#### What to do:
All that should appear is the run of lines from the one containing "1. Scott my" through the end of the records, each repeated exactly.
[Opening Supplied material section]
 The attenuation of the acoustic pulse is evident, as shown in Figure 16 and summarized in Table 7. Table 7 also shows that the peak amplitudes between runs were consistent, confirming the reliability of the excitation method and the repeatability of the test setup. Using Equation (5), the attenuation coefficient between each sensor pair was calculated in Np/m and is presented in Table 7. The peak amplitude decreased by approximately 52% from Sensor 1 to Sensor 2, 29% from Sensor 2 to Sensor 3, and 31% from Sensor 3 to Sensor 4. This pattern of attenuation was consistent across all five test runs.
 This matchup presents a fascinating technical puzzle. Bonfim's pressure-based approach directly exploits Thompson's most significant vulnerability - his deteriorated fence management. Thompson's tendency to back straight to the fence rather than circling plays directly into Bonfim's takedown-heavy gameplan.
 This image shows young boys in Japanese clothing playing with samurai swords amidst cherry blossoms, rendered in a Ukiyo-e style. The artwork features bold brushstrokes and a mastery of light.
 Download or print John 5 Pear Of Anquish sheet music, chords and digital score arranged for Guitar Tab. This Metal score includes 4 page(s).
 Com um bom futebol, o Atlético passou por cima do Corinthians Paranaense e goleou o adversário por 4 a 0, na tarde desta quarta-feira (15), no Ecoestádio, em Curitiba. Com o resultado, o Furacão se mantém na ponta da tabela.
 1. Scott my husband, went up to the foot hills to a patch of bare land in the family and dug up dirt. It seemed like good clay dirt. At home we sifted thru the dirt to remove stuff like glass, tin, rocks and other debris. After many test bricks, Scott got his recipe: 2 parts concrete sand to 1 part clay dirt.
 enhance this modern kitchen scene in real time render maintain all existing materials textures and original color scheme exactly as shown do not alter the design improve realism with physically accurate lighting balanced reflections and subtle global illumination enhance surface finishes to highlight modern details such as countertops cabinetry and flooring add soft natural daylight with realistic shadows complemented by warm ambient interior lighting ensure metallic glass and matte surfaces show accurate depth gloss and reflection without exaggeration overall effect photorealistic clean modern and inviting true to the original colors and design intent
[Closing Supplied material section]
#### Written response:
 1. Scott my husband, went up to the foot hills to a patch of bare land in the family and dug up dirt. It seemed like good clay dirt. At home we sifted thru the dirt to remove stuff like glass, tin, rocks and other debris. After many test bricks, Scott got his recipe: 2 parts concrete sand to 1 part clay dirt.
 enhance this modern kitchen scene in real time render maintain all existing materials textures and original color scheme exactly as shown do not alter the design improve realism with physically accurate lighting balanced reflections and subtle global illumination enhance surface finishes to highlight modern details such as countertops cabinetry and flooring add soft natural daylight with realistic shadows complemented by warm ambient interior lighting ensure metallic glass and matte surfaces show accurate depth gloss and reflection without exaggeration overall effect photorealistic clean modern and inviting true to the original colors and design intent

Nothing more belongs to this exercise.